Could each entry below be written out exactly, with every picture dropped?

**INFORMATION PROVIDED**
━━━━━━━━━━━━━━━━
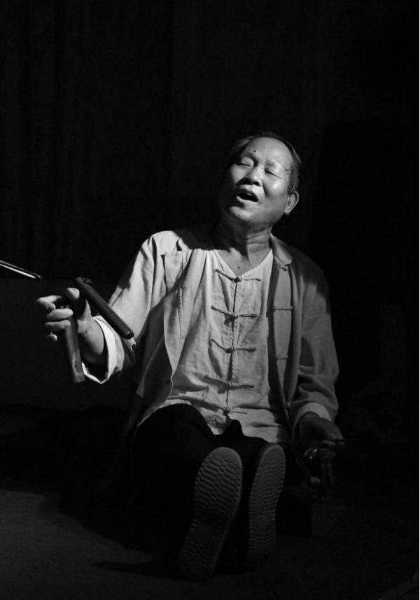 圖為香港浸會大學(xué)附屬學(xué)校王錦輝中小學(xué)學(xué)生吳子喬拍攝的老腔藝人。
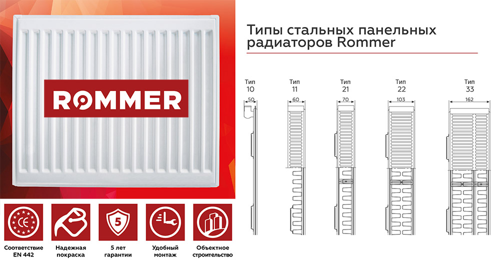 Стальной панельный радиатор отопления Rommer Compact 11/300/400
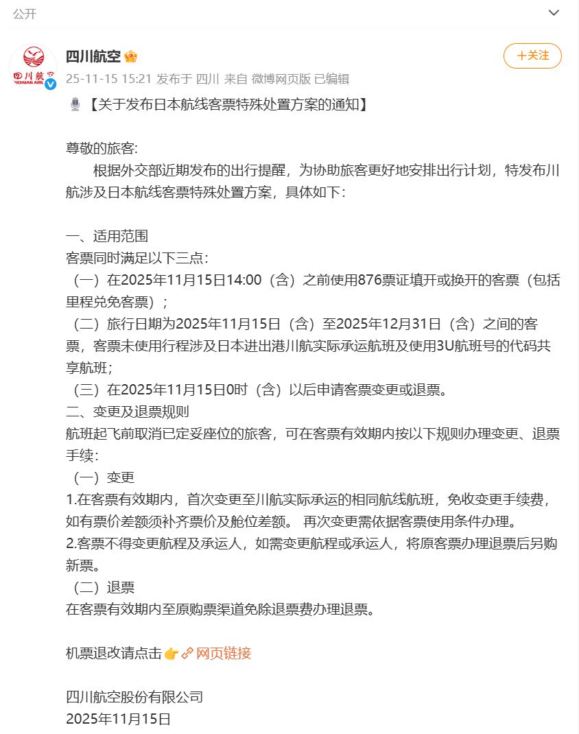 11月14日,因日本社會治安不靖,針對中國公民犯罪多發,且日本領導人發表涉臺挑釁言論,外交部提醒中國公民近期避免前往日本,在日公民需提高防范意識。15日,國航、南航、東航等多家航司發布涉及日本航線客票特殊處置方案,對符合條件的客票可免費退改,川航、廈航也發布了相關通知。
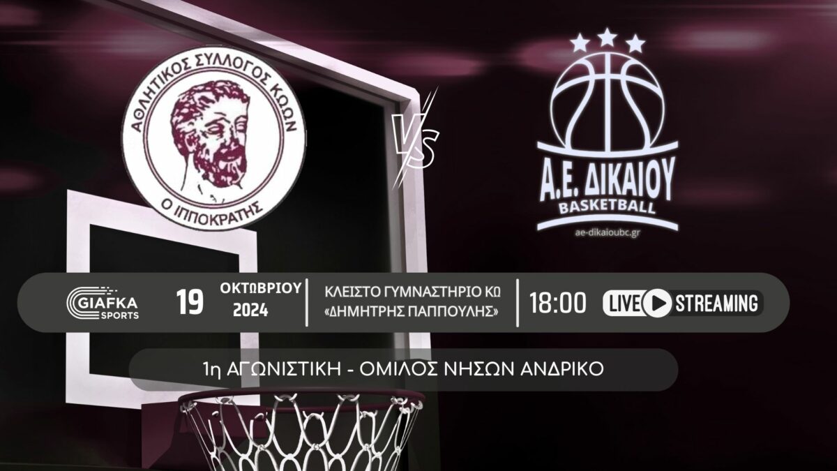 Για την πρεμιέρα του ανδρικού πρωταθλήματος ο Ιπποκράτης αντιμετωπίζει στο Κλειστό γυμναστήριο Κω «Δημήτρης Παππούλης» την Α.Ε Δικαίου το Σάββατο 19/10 στις 18:00. Παρακολουθήστε το ματς σε Live Streaming απ’ το giafkasports.gr.
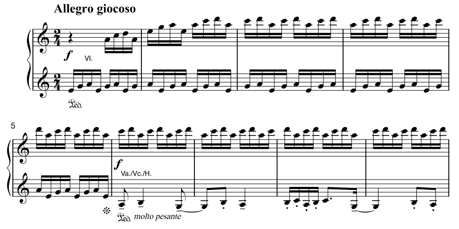 - 시작 성격: Allegro giocoso(장난스럽게, 생기 있게)
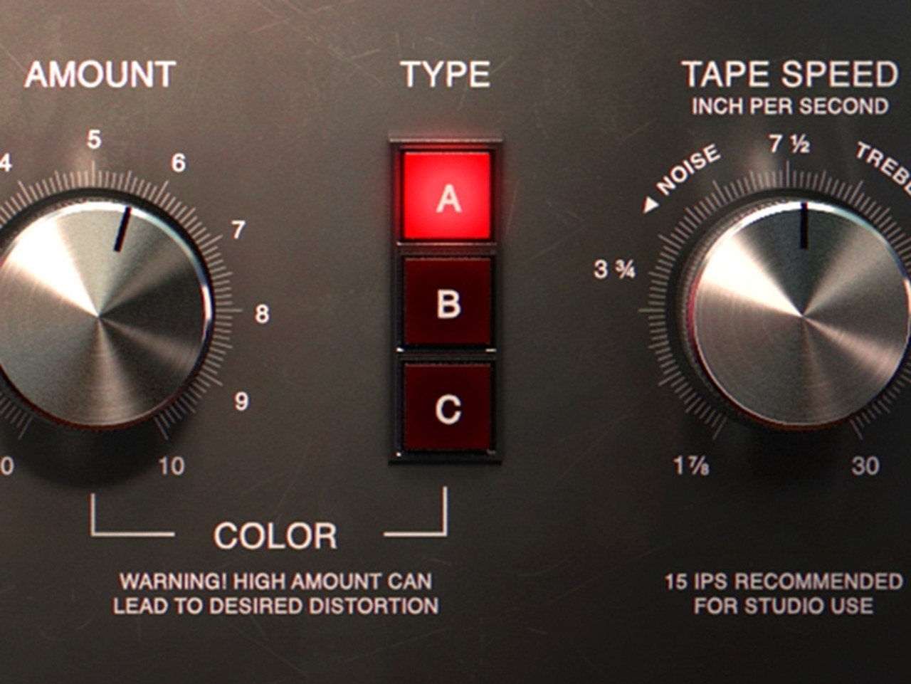 テープ・マシンのタイプを選び「Amount」ノブを調整。ほとんどの場合、これだけでトラックの隅々にまでアナログ・テープの良さが行き渡ります。
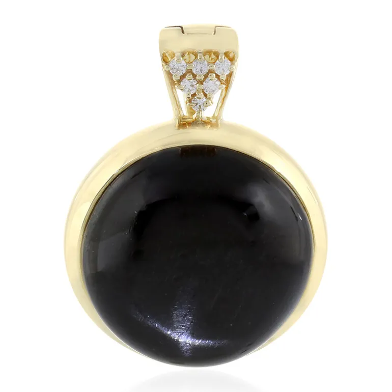 Wir präsentieren unseren bezaubernden Indian Star Diopsid-Anhänger, bei dem die traditionelle Cabochon-Form auf modernen Luxus trifft. Der runde, 17 mm große Edelstein in prächtigem 9K-Gelbgold mit einem Gewicht von ca. 3,43 g hat großzügige 22,906 Karat und wird von einer Konstellation aus sechs brillanten SI-Diamanten von insgesamt 0,048 Karat hervorgehoben. Das Varioclip-Design des Anhängers sorgt für Vielseitigkeit und einfaches Tragen mit verschiedenen Ketten. Dieser Anhänger eignet sich sowohl für elegante Anlässe als auch für den Alltag und ist eine zeitlose Bereicherung für jede Schmucksammlung.
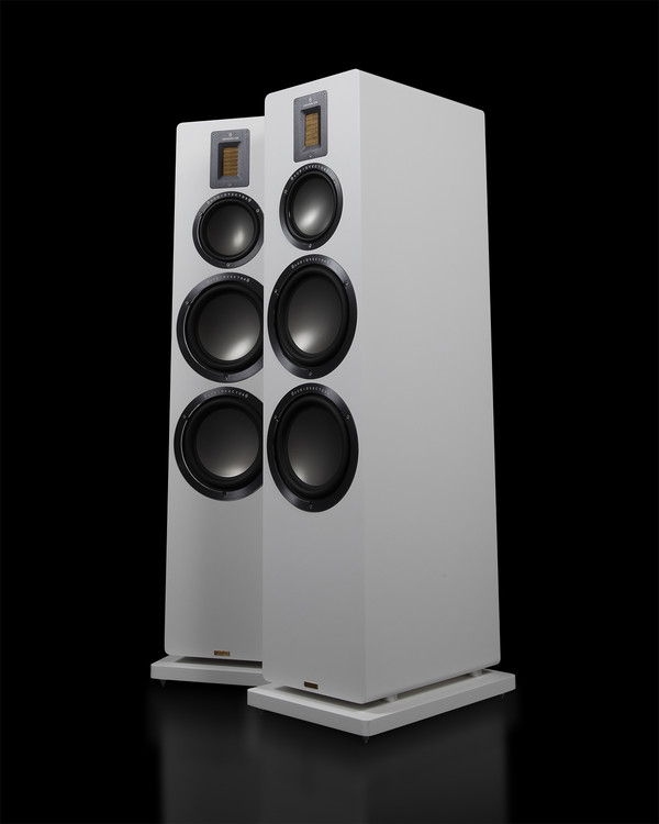 이 스피커는 특별한 것 하나가 눈에 띄는데, 바로 AMT 앞에 있는 로즈 골드 도금된 분산 망이다. 이것은 S-Stop 필터라고 하며, 녹음 시 사용되는 팝 필터에 영감을 받아 제작된 것으로 치찰음을 제어하는 데 도움이 된다고. 미드레인지와 베이스 드라이버도 특별한데, 기왕의 이전 시리즈 제품에서 다소 딱딱한 음감이 나타난다는 약점을 해결하기 위해 항공 우주 등급 알루미늄의 강도와 부드러운 소재의 뛰어난 내부 감쇠 특성을 결합한 새로운 샌드위치 멤브레인을 개발, 왜곡을 매우 낮춘 3층 샌드위치 멤브레인이 탄생했다. 미드레인지와 베이스 드라이버 모두 두 개의 얇은 알루미늄 껍질 사이에 댐핑 재료 층이 샌드위치된 복합 콘으로 되어 있으며, 높은 수준의 강성과 낮은 공명을 결합하는 기술인데, 풍부한 디테일과 함께 해상도가 증가하는 특징을 가지고 있다. 베이스 리플렉스 포트는 바닥에 있어서 메인 캐비닛과 그것을 지지하는 받침대 사이의 작은 틈새를 통해 배출된다. 이 위치도 독특하다. 이러한 배열은 스피커 배치에서 상당히 자유롭다. 시청 위치에 따라 달리 각도를 맞추는 데도 까다로운 스피커가 많지만 시청기는 그런 면에서도 상당히 자유롭다. 이는 AMT 트위터의 넓은 분산 효과 때문.
━━━━━━━━━━━━━━━━
**RESULT OF THE TASK**
 圖為香港浸會大學(xué)附屬學(xué)校王錦輝中小學(xué)學(xué)生吳子喬拍攝的老腔藝人。
 Стальной панельный радиатор отопления Rommer Compact 11/300/400
 11月14日,因日本社會治安不靖,針對中國公民犯罪多發,且日本領導人發表涉臺挑釁言論,外交部提醒中國公民近期避免前往日本,在日公民需提高防范意識。15日,國航、南航、東航等多家航司發布涉及日本航線客票特殊處置方案,對符合條件的客票可免費退改,川航、廈航也發布了相關通知。
 Για την πρεμιέρα του ανδρικού πρωταθλήματος ο Ιπποκράτης αντιμετωπίζει στο Κλειστό γυμναστήριο Κω «Δημήτρης Παππούλης» την Α.Ε Δικαίου το Σάββατο 19/10 στις 18:00. Παρακολουθήστε το ματς σε Live Streaming απ’ το giafkasports.gr.
 - 시작 성격: Allegro giocoso(장난스럽게, 생기 있게)
 テープ・マシンのタイプを選び「Amount」ノブを調整。ほとんどの場合、これだけでトラックの隅々にまでアナログ・テープの良さが行き渡ります。
 Wir präsentieren unseren bezaubernden Indian Star Diopsid-Anhänger, bei dem die traditionelle Cabochon-Form auf modernen Luxus trifft. Der runde, 17 mm große Edelstein in prächtigem 9K-Gelbgold mit einem Gewicht von ca. 3,43 g hat großzügige 22,906 Karat und wird von einer Konstellation aus sechs brillanten SI-Diamanten von insgesamt 0,048 Karat hervorgehoben. Das Varioclip-Design des Anhängers sorgt für Vielseitigkeit und einfaches Tragen mit verschiedenen Ketten. Dieser Anhänger eignet sich sowohl für elegante Anlässe als auch für den Alltag und ist eine zeitlose Bereicherung für jede Schmucksammlung.
 이 스피커는 특별한 것 하나가 눈에 띄는데, 바로 AMT 앞에 있는 로즈 골드 도금된 분산 망이다. 이것은 S-Stop 필터라고 하며, 녹음 시 사용되는 팝 필터에 영감을 받아 제작된 것으로 치찰음을 제어하는 데 도움이 된다고. 미드레인지와 베이스 드라이버도 특별한데, 기왕의 이전 시리즈 제품에서 다소 딱딱한 음감이 나타난다는 약점을 해결하기 위해 항공 우주 등급 알루미늄의 강도와 부드러운 소재의 뛰어난 내부 감쇠 특성을 결합한 새로운 샌드위치 멤브레인을 개발, 왜곡을 매우 낮춘 3층 샌드위치 멤브레인이 탄생했다. 미드레인지와 베이스 드라이버 모두 두 개의 얇은 알루미늄 껍질 사이에 댐핑 재료 층이 샌드위치된 복합 콘으로 되어 있으며, 높은 수준의 강성과 낮은 공명을 결합하는 기술인데, 풍부한 디테일과 함께 해상도가 증가하는 특징을 가지고 있다. 베이스 리플렉스 포트는 바닥에 있어서 메인 캐비닛과 그것을 지지하는 받침대 사이의 작은 틈새를 통해 배출된다. 이 위치도 독특하다. 이러한 배열은 스피커 배치에서 상당히 자유롭다. 시청 위치에 따라 달리 각도를 맞추는 데도 까다로운 스피커가 많지만 시청기는 그런 면에서도 상당히 자유롭다. 이는 AMT 트위터의 넓은 분산 효과 때문.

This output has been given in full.